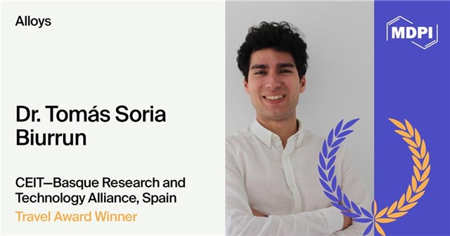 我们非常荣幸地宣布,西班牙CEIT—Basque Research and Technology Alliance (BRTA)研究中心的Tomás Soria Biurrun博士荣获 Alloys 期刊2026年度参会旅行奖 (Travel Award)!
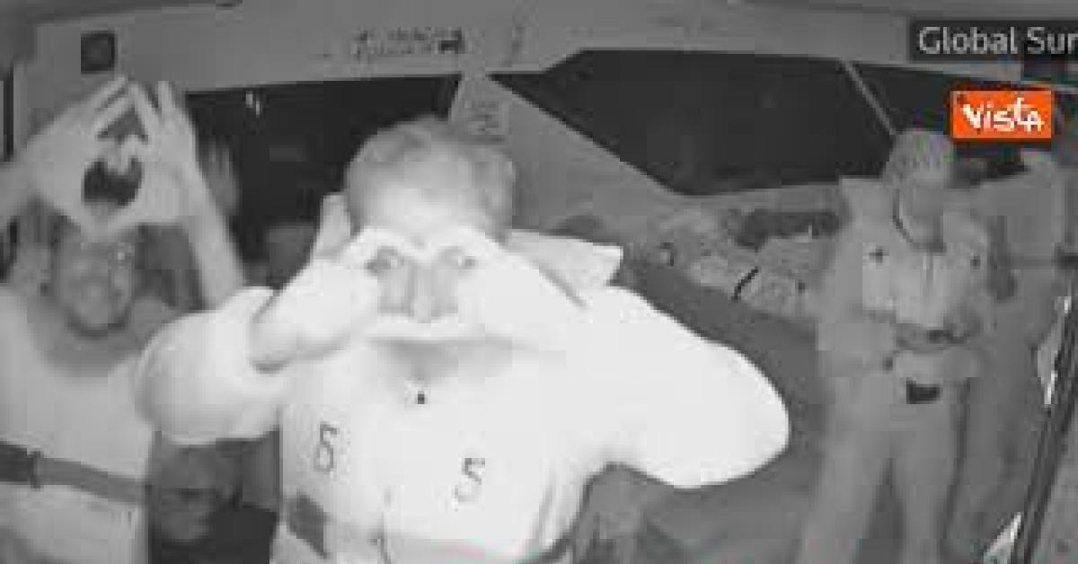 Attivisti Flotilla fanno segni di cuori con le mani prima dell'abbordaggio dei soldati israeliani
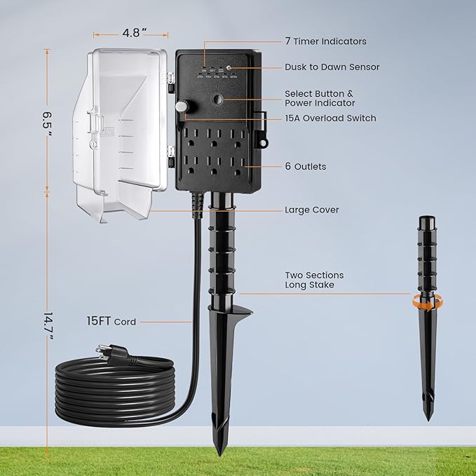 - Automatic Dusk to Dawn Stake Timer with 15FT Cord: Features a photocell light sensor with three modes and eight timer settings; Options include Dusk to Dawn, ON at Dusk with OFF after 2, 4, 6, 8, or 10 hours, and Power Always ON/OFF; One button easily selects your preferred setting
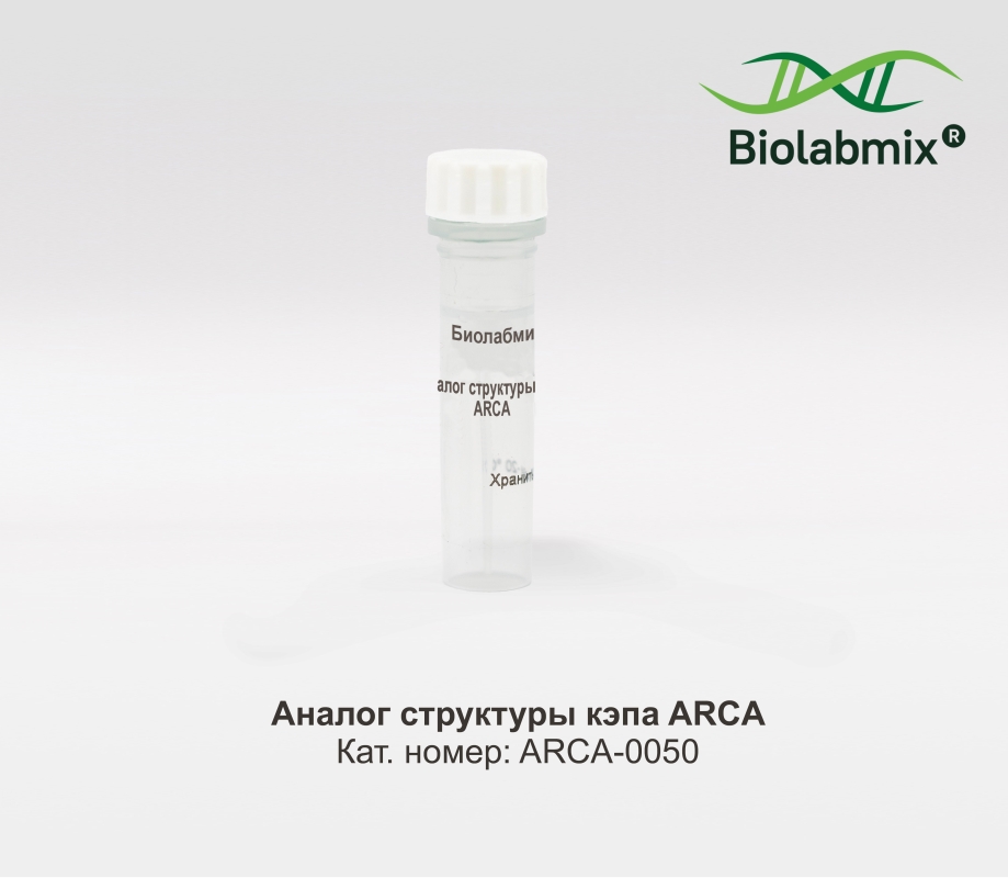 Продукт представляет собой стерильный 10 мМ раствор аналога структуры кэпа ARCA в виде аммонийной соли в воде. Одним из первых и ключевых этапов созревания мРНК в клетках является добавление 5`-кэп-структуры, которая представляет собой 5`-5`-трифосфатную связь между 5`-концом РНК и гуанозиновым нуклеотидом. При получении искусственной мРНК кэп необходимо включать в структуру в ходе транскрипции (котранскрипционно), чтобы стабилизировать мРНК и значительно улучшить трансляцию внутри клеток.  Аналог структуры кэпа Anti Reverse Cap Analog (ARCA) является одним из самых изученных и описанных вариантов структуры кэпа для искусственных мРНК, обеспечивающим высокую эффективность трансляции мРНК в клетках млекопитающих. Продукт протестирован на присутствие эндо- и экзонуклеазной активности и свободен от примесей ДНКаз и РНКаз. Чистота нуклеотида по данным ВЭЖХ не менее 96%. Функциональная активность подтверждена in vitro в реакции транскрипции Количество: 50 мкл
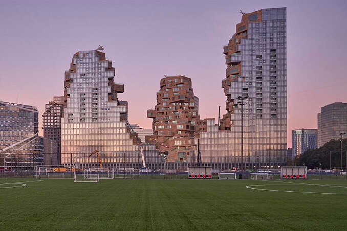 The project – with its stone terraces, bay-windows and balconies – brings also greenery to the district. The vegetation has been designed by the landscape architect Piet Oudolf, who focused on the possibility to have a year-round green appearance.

◇ ◇ ◇

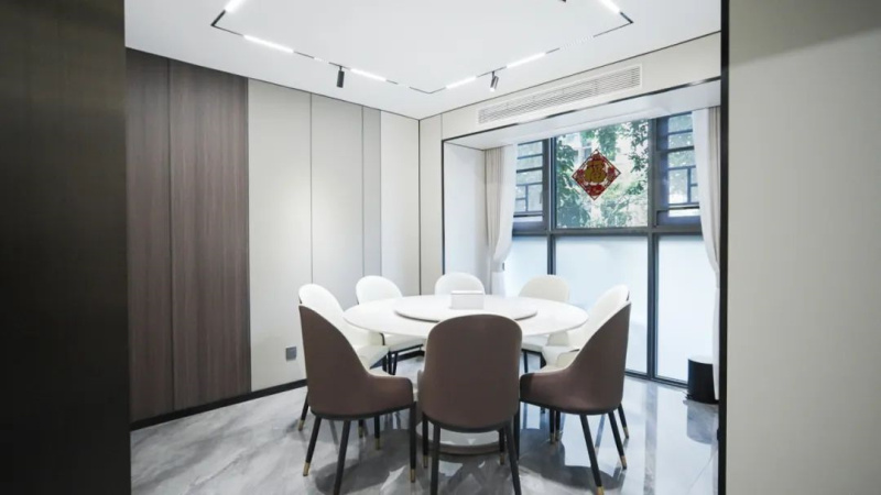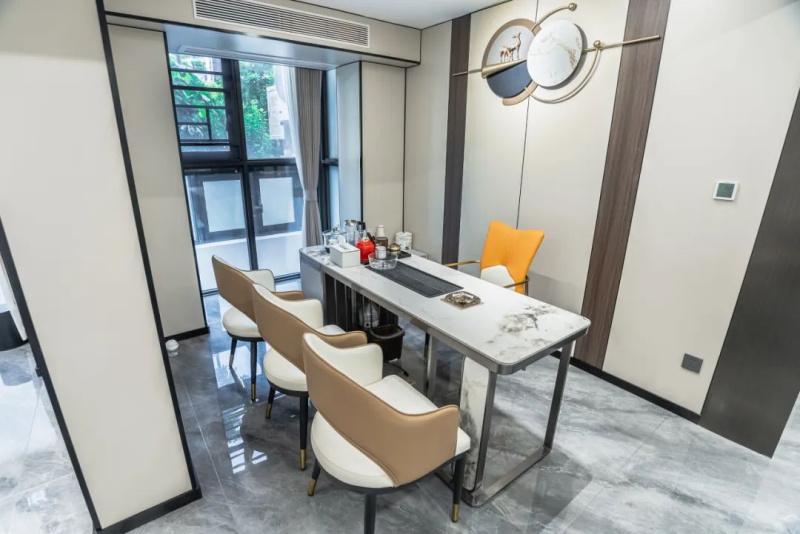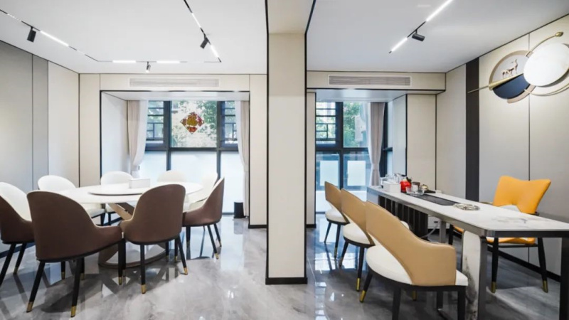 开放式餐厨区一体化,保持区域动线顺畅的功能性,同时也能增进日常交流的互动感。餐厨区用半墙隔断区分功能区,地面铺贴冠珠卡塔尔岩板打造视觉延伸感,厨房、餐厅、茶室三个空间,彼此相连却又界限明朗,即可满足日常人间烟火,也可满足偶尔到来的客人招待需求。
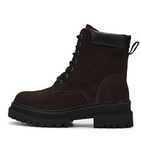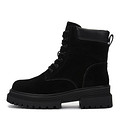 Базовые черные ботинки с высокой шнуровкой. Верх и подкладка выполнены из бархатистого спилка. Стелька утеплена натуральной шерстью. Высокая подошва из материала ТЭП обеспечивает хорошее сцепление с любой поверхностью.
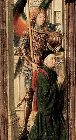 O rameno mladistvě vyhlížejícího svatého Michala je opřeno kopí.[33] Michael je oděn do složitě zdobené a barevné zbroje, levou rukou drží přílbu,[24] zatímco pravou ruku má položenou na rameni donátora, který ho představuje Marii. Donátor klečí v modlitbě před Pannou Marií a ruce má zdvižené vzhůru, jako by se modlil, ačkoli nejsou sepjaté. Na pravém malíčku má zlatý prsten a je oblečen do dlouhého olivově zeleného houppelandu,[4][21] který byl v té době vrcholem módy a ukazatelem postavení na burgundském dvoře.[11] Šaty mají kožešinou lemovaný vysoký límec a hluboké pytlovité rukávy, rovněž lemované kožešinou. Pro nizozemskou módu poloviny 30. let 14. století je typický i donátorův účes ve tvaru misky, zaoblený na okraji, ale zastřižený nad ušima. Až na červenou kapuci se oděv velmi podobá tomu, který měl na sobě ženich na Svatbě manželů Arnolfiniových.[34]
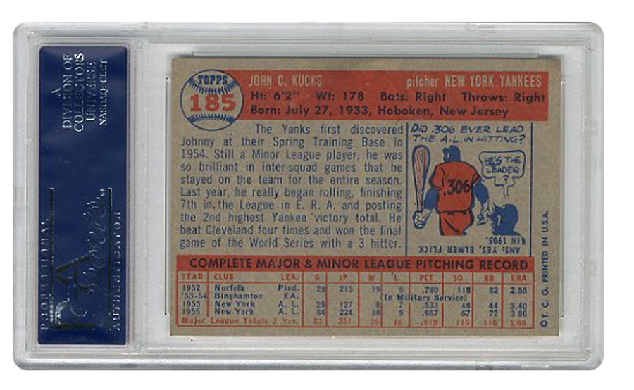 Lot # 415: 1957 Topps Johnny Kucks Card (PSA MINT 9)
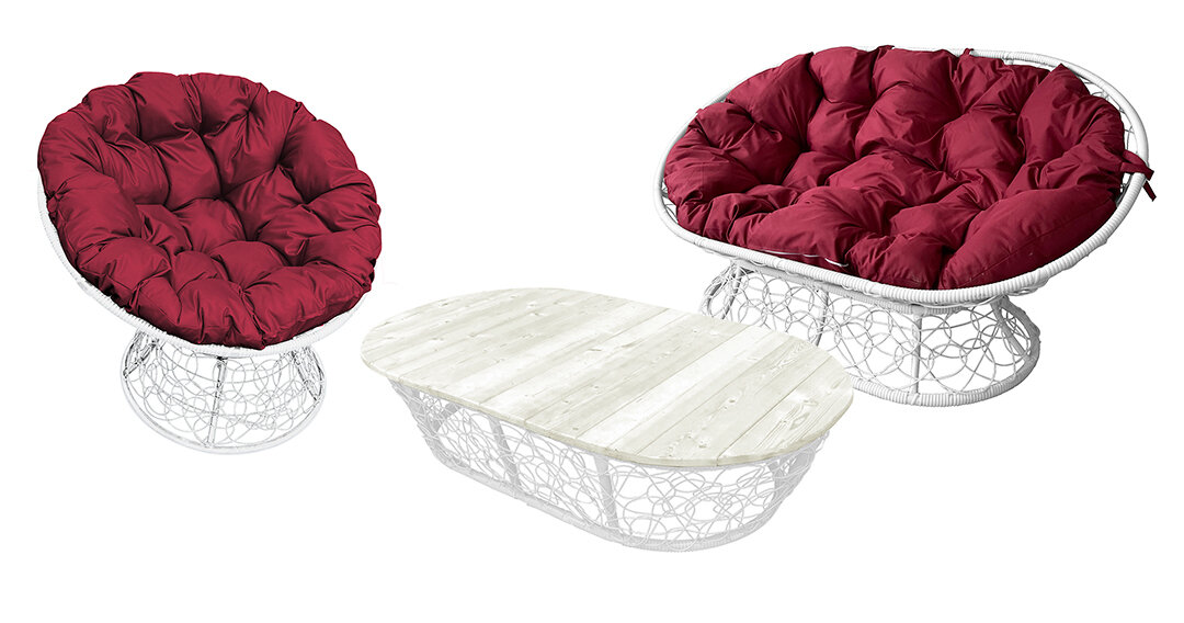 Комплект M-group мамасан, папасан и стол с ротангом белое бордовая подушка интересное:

◇ ◇ ◇

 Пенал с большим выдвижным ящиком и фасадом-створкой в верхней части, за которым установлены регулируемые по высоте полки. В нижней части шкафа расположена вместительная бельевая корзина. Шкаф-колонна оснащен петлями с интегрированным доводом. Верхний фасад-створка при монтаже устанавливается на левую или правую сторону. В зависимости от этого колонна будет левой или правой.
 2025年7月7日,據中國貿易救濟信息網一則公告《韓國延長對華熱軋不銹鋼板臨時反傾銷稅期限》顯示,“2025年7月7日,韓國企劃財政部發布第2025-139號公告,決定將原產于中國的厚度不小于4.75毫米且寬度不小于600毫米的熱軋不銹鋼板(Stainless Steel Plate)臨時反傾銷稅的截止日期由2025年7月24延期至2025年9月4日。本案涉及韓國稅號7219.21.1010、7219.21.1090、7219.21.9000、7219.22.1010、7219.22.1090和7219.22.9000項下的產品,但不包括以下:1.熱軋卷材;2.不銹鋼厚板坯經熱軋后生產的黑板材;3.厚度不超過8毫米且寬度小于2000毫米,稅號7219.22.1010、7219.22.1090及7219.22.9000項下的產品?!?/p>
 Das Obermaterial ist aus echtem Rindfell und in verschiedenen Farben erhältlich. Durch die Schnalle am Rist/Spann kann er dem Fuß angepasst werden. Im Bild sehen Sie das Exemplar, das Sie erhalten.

◇ ◇ ◇

:: Task details ::
Using the records above, repeat exactly the run of lines that starts with the line with "开放式餐厨区一体化,保持区域" and goes on through the line with "Базовые черные ботинки"; omit each picture.

:: Answer box ::
 开放式餐厨区一体化,保持区域动线顺畅的功能性,同时也能增进日常交流的互动感。餐厨区用半墙隔断区分功能区,地面铺贴冠珠卡塔尔岩板打造视觉延伸感,厨房、餐厅、茶室三个空间,彼此相连却又界限明朗,即可满足日常人间烟火,也可满足偶尔到来的客人招待需求。
 Базовые черные ботинки с высокой шнуровкой. Верх и подкладка выполнены из бархатистого спилка. Стелька утеплена натуральной шерстью. Высокая подошва из материала ТЭП обеспечивает хорошее сцепление с любой поверхностью.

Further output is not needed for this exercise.